### Exercise requirements:
Reproduce the records word for word, leaving out any pictures they hold.

### Saved data entries:
******************************

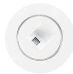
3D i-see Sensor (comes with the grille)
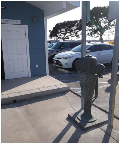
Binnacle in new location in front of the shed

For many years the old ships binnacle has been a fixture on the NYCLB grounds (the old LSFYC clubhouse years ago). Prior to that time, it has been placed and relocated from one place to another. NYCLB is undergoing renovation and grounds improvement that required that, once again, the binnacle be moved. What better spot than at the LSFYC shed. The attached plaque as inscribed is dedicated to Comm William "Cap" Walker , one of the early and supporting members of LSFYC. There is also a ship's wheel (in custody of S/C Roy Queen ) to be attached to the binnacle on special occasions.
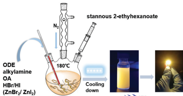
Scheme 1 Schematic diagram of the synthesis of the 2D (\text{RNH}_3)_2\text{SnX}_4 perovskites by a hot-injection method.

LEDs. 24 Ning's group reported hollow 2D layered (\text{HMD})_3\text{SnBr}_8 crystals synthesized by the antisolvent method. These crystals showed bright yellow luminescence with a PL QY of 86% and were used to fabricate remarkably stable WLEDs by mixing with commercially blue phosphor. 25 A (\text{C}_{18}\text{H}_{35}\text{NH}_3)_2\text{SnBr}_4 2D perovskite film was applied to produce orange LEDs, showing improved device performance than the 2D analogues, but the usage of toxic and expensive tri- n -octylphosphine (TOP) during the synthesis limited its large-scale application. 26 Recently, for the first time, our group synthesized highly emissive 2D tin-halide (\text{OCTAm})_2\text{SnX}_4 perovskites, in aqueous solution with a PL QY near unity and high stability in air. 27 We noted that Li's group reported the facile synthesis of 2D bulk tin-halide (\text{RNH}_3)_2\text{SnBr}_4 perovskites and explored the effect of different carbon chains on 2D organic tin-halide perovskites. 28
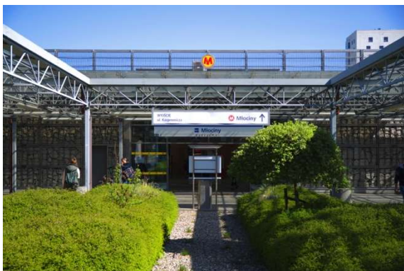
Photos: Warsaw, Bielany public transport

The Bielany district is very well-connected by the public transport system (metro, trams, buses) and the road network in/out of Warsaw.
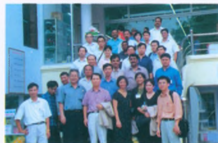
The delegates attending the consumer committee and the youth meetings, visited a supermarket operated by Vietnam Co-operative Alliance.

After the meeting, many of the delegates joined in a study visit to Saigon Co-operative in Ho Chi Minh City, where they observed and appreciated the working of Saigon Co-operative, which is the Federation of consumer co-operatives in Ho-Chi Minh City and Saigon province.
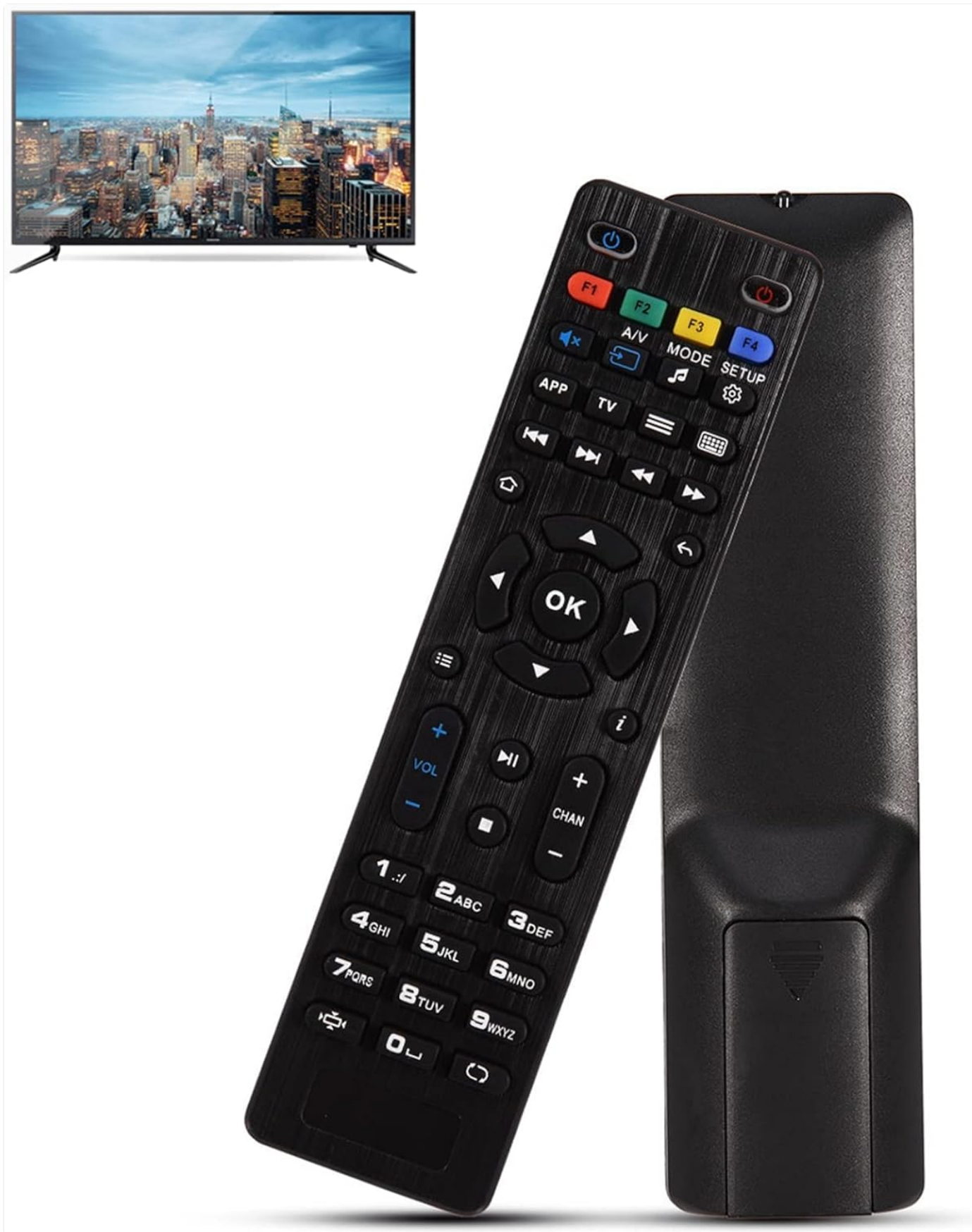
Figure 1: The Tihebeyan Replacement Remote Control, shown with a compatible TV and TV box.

******************************

### Task output:
3D i-see Sensor (comes with the grille)
Binnacle in new location in front of the shed

For many years the old ships binnacle has been a fixture on the NYCLB grounds (the old LSFYC clubhouse years ago). Prior to that time, it has been placed and relocated from one place to another. NYCLB is undergoing renovation and grounds improvement that required that, once again, the binnacle be moved. What better spot than at the LSFYC shed. The attached plaque as inscribed is dedicated to Comm William "Cap" Walker , one of the early and supporting members of LSFYC. There is also a ship's wheel (in custody of S/C Roy Queen ) to be attached to the binnacle on special occasions.
Scheme 1 Schematic diagram of the synthesis of the 2D (\text{RNH}_3)_2\text{SnX}_4 perovskites by a hot-injection method.

LEDs. 24 Ning's group reported hollow 2D layered (\text{HMD})_3\text{SnBr}_8 crystals synthesized by the antisolvent method. These crystals showed bright yellow luminescence with a PL QY of 86% and were used to fabricate remarkably stable WLEDs by mixing with commercially blue phosphor. 25 A (\text{C}_{18}\text{H}_{35}\text{NH}_3)_2\text{SnBr}_4 2D perovskite film was applied to produce orange LEDs, showing improved device performance than the 2D analogues, but the usage of toxic and expensive tri- n -octylphosphine (TOP) during the synthesis limited its large-scale application. 26 Recently, for the first time, our group synthesized highly emissive 2D tin-halide (\text{OCTAm})_2\text{SnX}_4 perovskites, in aqueous solution with a PL QY near unity and high stability in air. 27 We noted that Li's group reported the facile synthesis of 2D bulk tin-halide (\text{RNH}_3)_2\text{SnBr}_4 perovskites and explored the effect of different carbon chains on 2D organic tin-halide perovskites. 28
Photos: Warsaw, Bielany public transport

The Bielany district is very well-connected by the public transport system (metro, trams, buses) and the road network in/out of Warsaw.
The delegates attending the consumer committee and the youth meetings, visited a supermarket operated by Vietnam Co-operative Alliance.

After the meeting, many of the delegates joined in a study visit to Saigon Co-operative in Ho Chi Minh City, where they observed and appreciated the working of Saigon Co-operative, which is the Federation of consumer co-operatives in Ho-Chi Minh City and Saigon province.
Figure 1: The Tihebeyan Replacement Remote Control, shown with a compatible TV and TV box.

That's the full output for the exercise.